EXERCISE AIM
Every record that follows is to be copied exactly, with the pictures omitted.

--------------------------------------------------

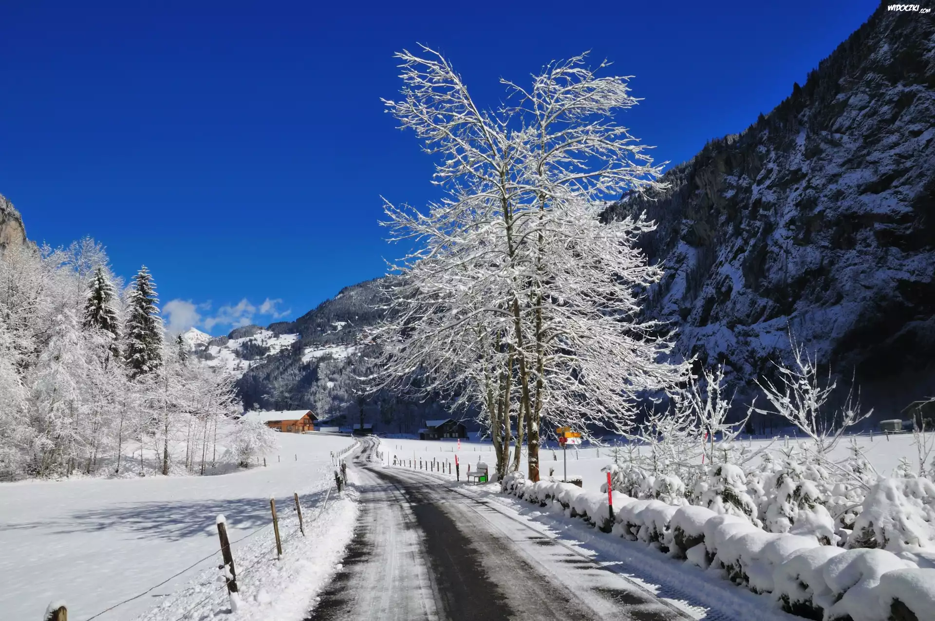 Przydrożne, Domy, Drzewa, Góry, Alpy, Zima
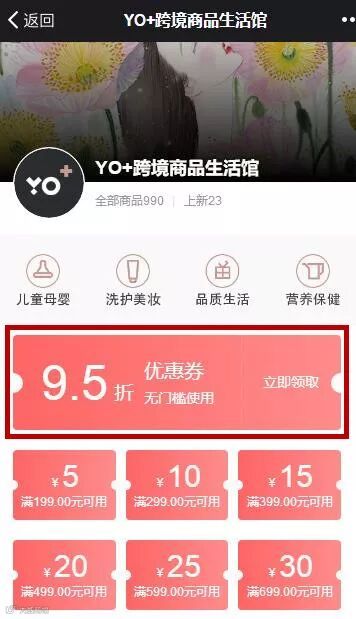商城首页领取优惠券,享全场商品95折
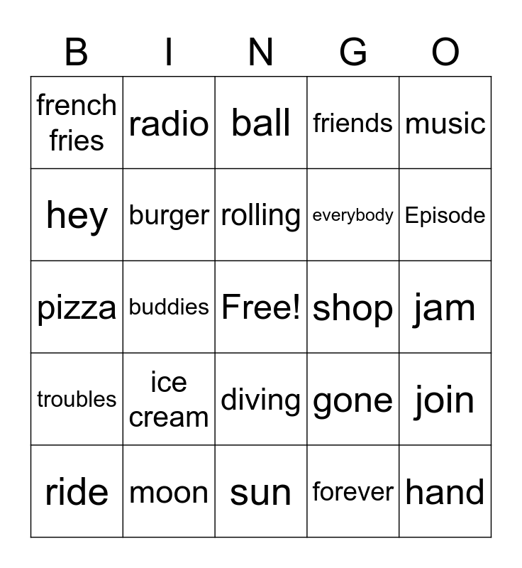This bingo card has a free space and 28 words: join, band, everybody, forever, hey, ball, radio, troubles, shop, ride, pizza, friends, moon, sun, Episode, rocking, ice cream, burger, rolling, diving, french fries, need, hand, buddies, jam, gone, music and worries.
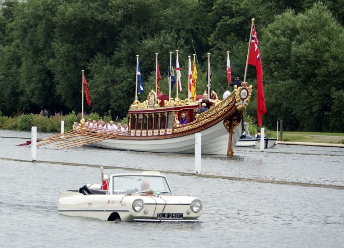HENLEY-ON-THAMES, England (Reuters) - Queen Elizabeth II's stately royal barge "Gloriana" found itself sharing the River Thames with some quirky upstarts at the weekend - amphibious motor cars.
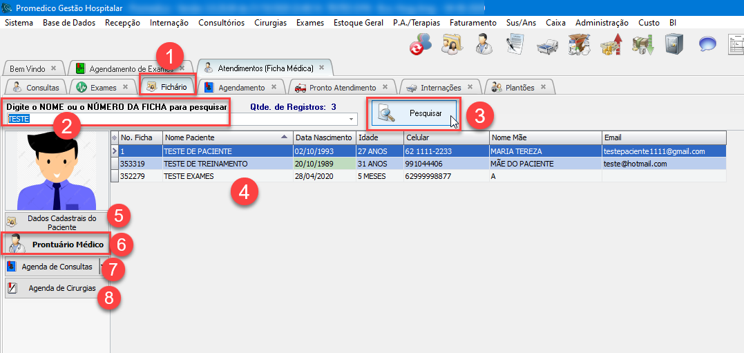 2) Digite o número da ficha do paciente, ou simplesmente uma parte do nome dele.
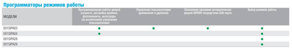 • Программатор функций: проводной или беспроводной программатор предназначен для управления функциями: движением в одном или двух направлениях, дверь заблокирована в открытом положении, дверь заблокирована в закрытом положении, частичное открывание створок, режим "Аптека" (частичное открывание и механическая блокировка двери).

--------------------------------------------------

RESULT OF THE TASK
 Przydrożne, Domy, Drzewa, Góry, Alpy, Zima
商城首页领取优惠券,享全场商品95折
This bingo card has a free space and 28 words: join, band, everybody, forever, hey, ball, radio, troubles, shop, ride, pizza, friends, moon, sun, Episode, rocking, ice cream, burger, rolling, diving, french fries, need, hand, buddies, jam, gone, music and worries.
HENLEY-ON-THAMES, England (Reuters) - Queen Elizabeth II's stately royal barge "Gloriana" found itself sharing the River Thames with some quirky upstarts at the weekend - amphibious motor cars.
 2) Digite o número da ficha do paciente, ou simplesmente uma parte do nome dele.
 • Программатор функций: проводной или беспроводной программатор предназначен для управления функциями: движением в одном или двух направлениях, дверь заблокирована в открытом положении, дверь заблокирована в закрытом положении, частичное открывание створок, режим "Аптека" (частичное открывание и механическая блокировка двери).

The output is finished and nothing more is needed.